L'aventure de Folleville gâte les deux derniers actes : ce second intérêt fait oublier le premier. Le vilain oncle, que tout le monde déteste, est trop heureux de retrouver son fils en perdant sa maîtresse ; sa déloyauté n'est point assez punie. C'était assez de deux prisonniers, Edmond et Sophie ; il ne fallait pas couper cette intrigue par une autre ; les sifllets n'auraient pas coupé les applaudissemens. Fanchette ne fait rien autre chose dans la pièce que prêter ses habits à Sophie, et désirer très-naïvement que George devienne sergent, afin de pouvoir devenir son mari. Ce rôle est inutile : il y a beaucoup de confusion, de fracas et de bagarre dans la marche de l'action : les acteurs ne se possèdent pas assez ; le tourbillon des incidens les entraîne ; ils veulent se faire applaudir par la volubilité, et ils bredouillent ; on ne les entend pas : la plupart ignorent les élémens du débit théâtral. Dans une pièce aussi compliquée, il est surtout essentiel que le spectateur ne perde pas un mot ; car ce mot est quelquefois nécessaire à l'intelligence de l'intrigue : Picard lui-même s'est oublié sur cet article, contre son ordinaire : il crie pour échauffer la scène ; il s'efforce d'étourdir par le bruit ; mais, au milieu de ce vacarme, on ne saisit rien; chacun reste froid.
Le dialogue est vif et brillant, mais peu naturel ; il étincelle de traits et de saillies, dont tout l'agrément est dans les mots : le plus heureux et le plus applaudi de ces bons mots, est celui-ci : On adore Dieu quand on est honnête homme, et les femmes quand on ne l'est pas ; ce qui me rappelle une autre sentence de je ne sais quelle pièce: L'honnête homme aime sa femme, le libertin l'adore. Il me semble que Dieu se trouve ici mêlé très-mal à propos dans un propos de comédie, et qu'on peut être très-malhonnête homme sans adorer les femmes : tous ces jeux de l'esprit s'évanouissent aux regards de la raison : mais il faut un peu d'indulgence pour des bluettes, dans une pièce d'un genre très-frivole, destinée à un théâtre qui ne se pique pas de sévérité.

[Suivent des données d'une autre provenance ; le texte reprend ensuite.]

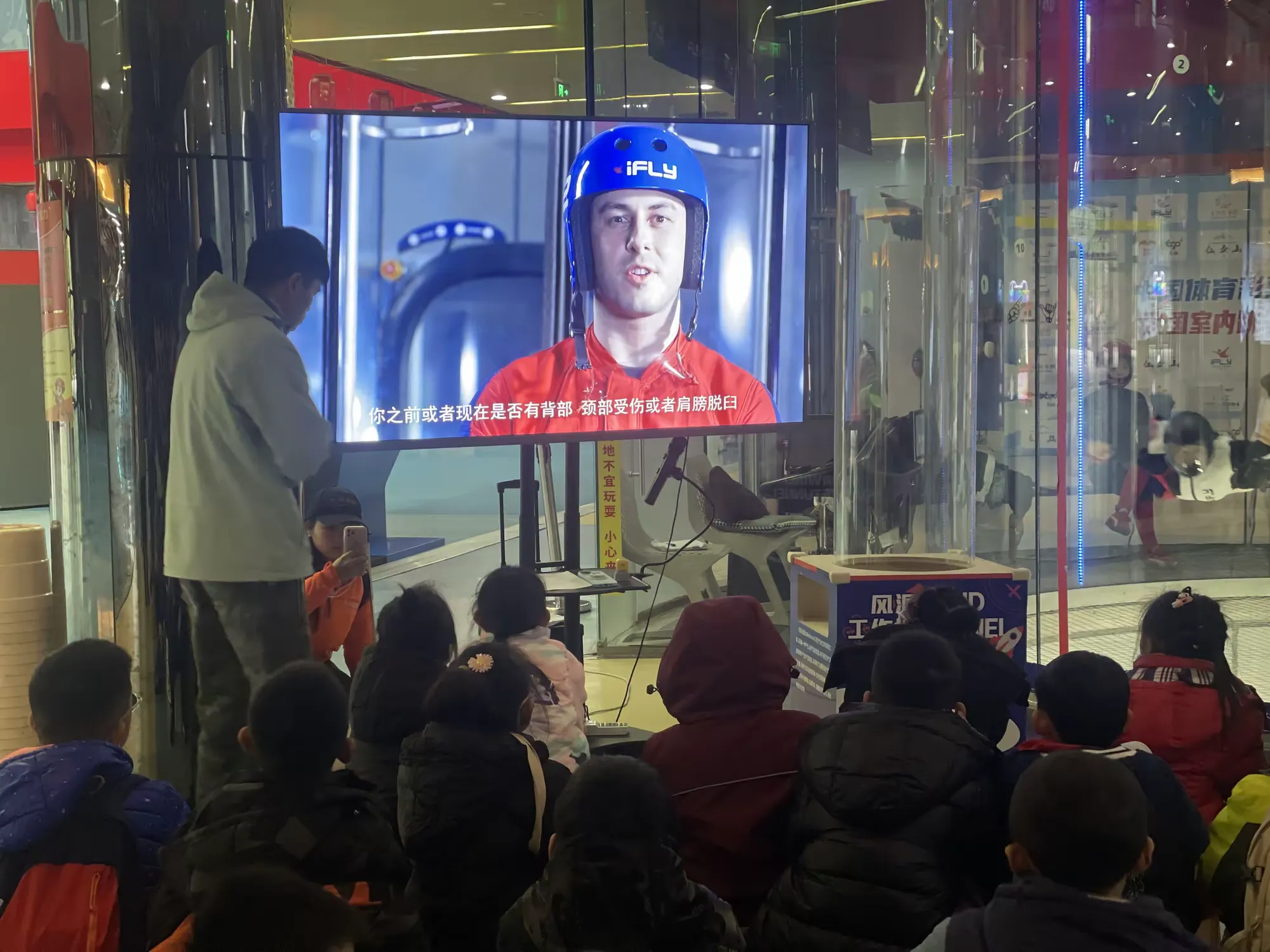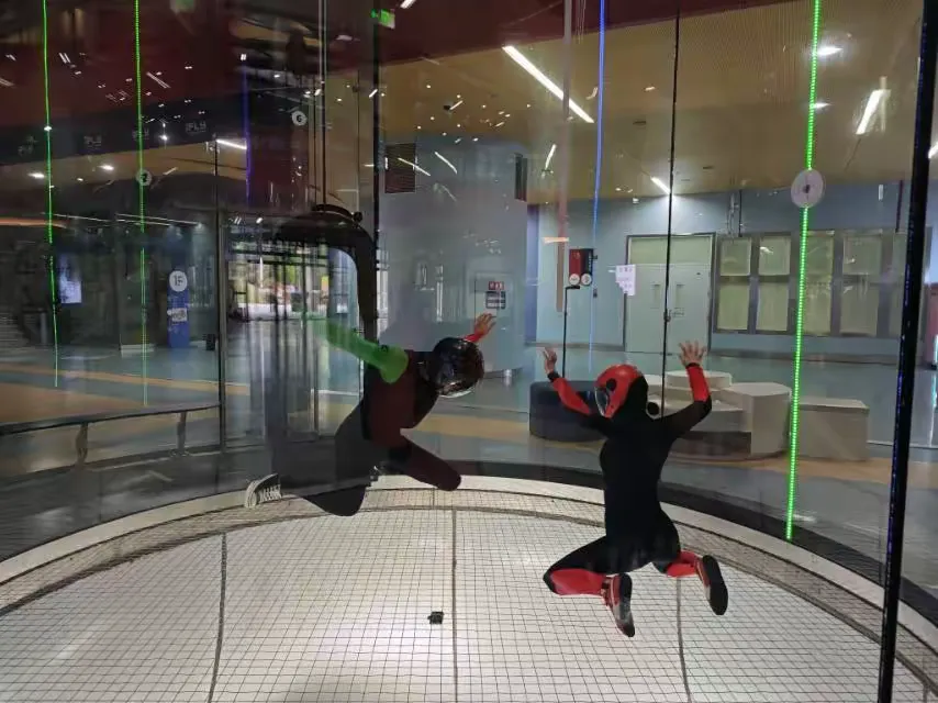 乐其研学老师向参与活动的同学们系统的、全方位的讲解中国跳伞的历史知识,并指导同学们亲身参与风洞体验、模拟飞行等项目。
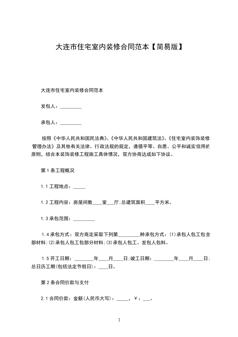大连市住宅室内装修合同范本

Le plus grand reproche qu'on puisse faire à l'auteur, est de ramener l'art à l'enfance, en ressuscitant ces canevas espagnols que nos poëtes ont commencé par imiter, et dont Molière a fini par purger notre scène : les déguisemens, les surprises, les quiproquo, l'escamotage, les subtilités de la main, les tours de passe-passe ; tout cela, farce de tréteaux, mauvais comique, qu'un homme de lettres, soigneux de sa réputation, ne doit jamais se permettre : mais il y a aujourd'hui tant de théâtres ! on fait tant de pièces ! cette branche de commerce est si épuisée ! Faut-il s'étonner que dans des comédies de hasard on donne du vieux pour du neuf ?
L'auteur a été demandé au milieu d'une musique très-désagréable et très-discordante ; à sa place, je n'aurais pas voulu compromettre mon nom dans cette cohue : c'est M. Dupaty, jeune homme qui a beaucoup d'esprit, beaucoup trop ; il ne lui manque, pour obtenir des succès solides, qu'un peu de goût et de raison. (1er thermidor an 11.)